She fired again, this time into the meat of Plath’s arm.
“Oh, did I get the bone on that one? Ouch, yeah? I have doctors, I
have morphine, I can help, but first—”
This crash was not nearly as loud as the gunfire. Just the
crump!
sound of a bourbon bottle hitting a skull.
Lear fell sideways, and Bug Man kicked her in the stomach, then
grabbed the gun from her hand.
“Shoot her,” Plath cried through waves of agony and terror.

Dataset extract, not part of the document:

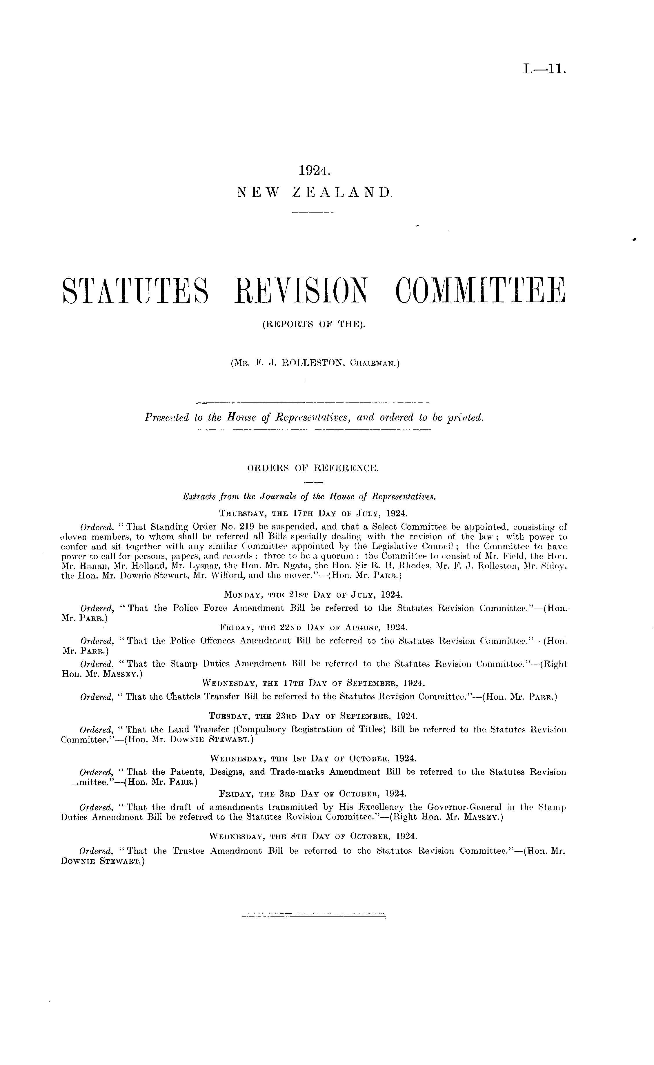 ORDERS OF REFERENCE, Extracts from the Journals of the House of Representatives. Thursday, the 17th Day of July, 1924. Ordered, " That Standing Order No. 219 be suspended, and that a Select Committee be appointed, consisting of eleven members, to whom shall be referred'all Bills specially dealing with the revision of the law; with power to confer and sit together with any similar Committee appointed by the Legislative Council ; the Committee to have power to call for persons, papers, and records ; three to be a quorum : the Committee to consist of Mr. Field, the Hon. Mr. Hanan, Mr. Holland, Mr. Lysnar, the Hon. Mr. Ngata, the Hon. Sir R. H. Rhodes, Mr. P. J. Rolleston, Mr. Sidey, the Hon. Mr. Downie Stewart, Mr. Wilford, and tho mover."—(Hon. Mr. Parr.) Monday, the 21st Day of July, 1924. Ordered, " That the Police Force Amendment Bill be referred to the Statutes Revision Committee."—(Hon. Mr. Parr.) Friday, the 22n0 Day oe August, 1924. Ordered, "That the Police Offences Amendment Hill be referred to the Statutes Revision Committee." —(Hon, Mr. Parr.) Ordered, " That the Stamp Duties Amendment Bill be referred to the Statutes Revision Committee." —(Right Hon. Mr. Massey.) Wednesday, the 17th Day of September, 1924. Ordered, " That the Chattels Transfer Bill be referred to the Statutes Revision Committee."—(Hon. Mr. Parr.) Tuesday, the 23rd Day of September, 1924. Ordered, " That the Land Transfer (Compulsory Registration of Titles) Bill be referred to the Statutes Revision Committee," —(Hon. Mr. Downie Stewart.) Wednesday, the Ist Day of October, 1924. Ordered, " That the Patents, Designs, and Trade-marks Amendment Bill be referred to the Statutes Revision oimittee." —(Hon. Mr. Parr.) Friday, the 3rd Day of October, 1924. Ordered, " That the draft of amendments transmitted by His Excellency the Governor-General in the Stamp Duties Amendment Bill be referred to the Statutes Revision Committee."—(Right Hon. Mr. Massey.) Wednesday, the Bth Day of October, 1924. Ordered, "That the Trustee Amendment Bill be referred to the Statutes Revision Committee." —(Hon. Mr. Downie Stewart.)

“Can’t. She’s got me. Biots. Some kind of dead man’s switch. She
dies, I lose it. So you don’t kill her, either, Plath.”
“My biots never got to her brain. They’re only halfway up her
neck.”
“Hah! You bluffed the crazy bitch?”
A loud, imperious banging at the front door. Bug Man fired
through it. “They won’t shoot back,” he said, voice high with stress.
“They might kill their boss.” Then he yelled, “You come in her, I shoot
her! I shoot her right between the eyes!”
“That was gunfire,” Tanner said. “We go in.”
O’Dell threw a quick salute and ran for his sleigh. But Babbington
had run off, and O’Dell had never been any sort of pilot.
“With me, Sergeant!”
Tanner fired the engine as, down below, the helicopter’s rotors
began to turn.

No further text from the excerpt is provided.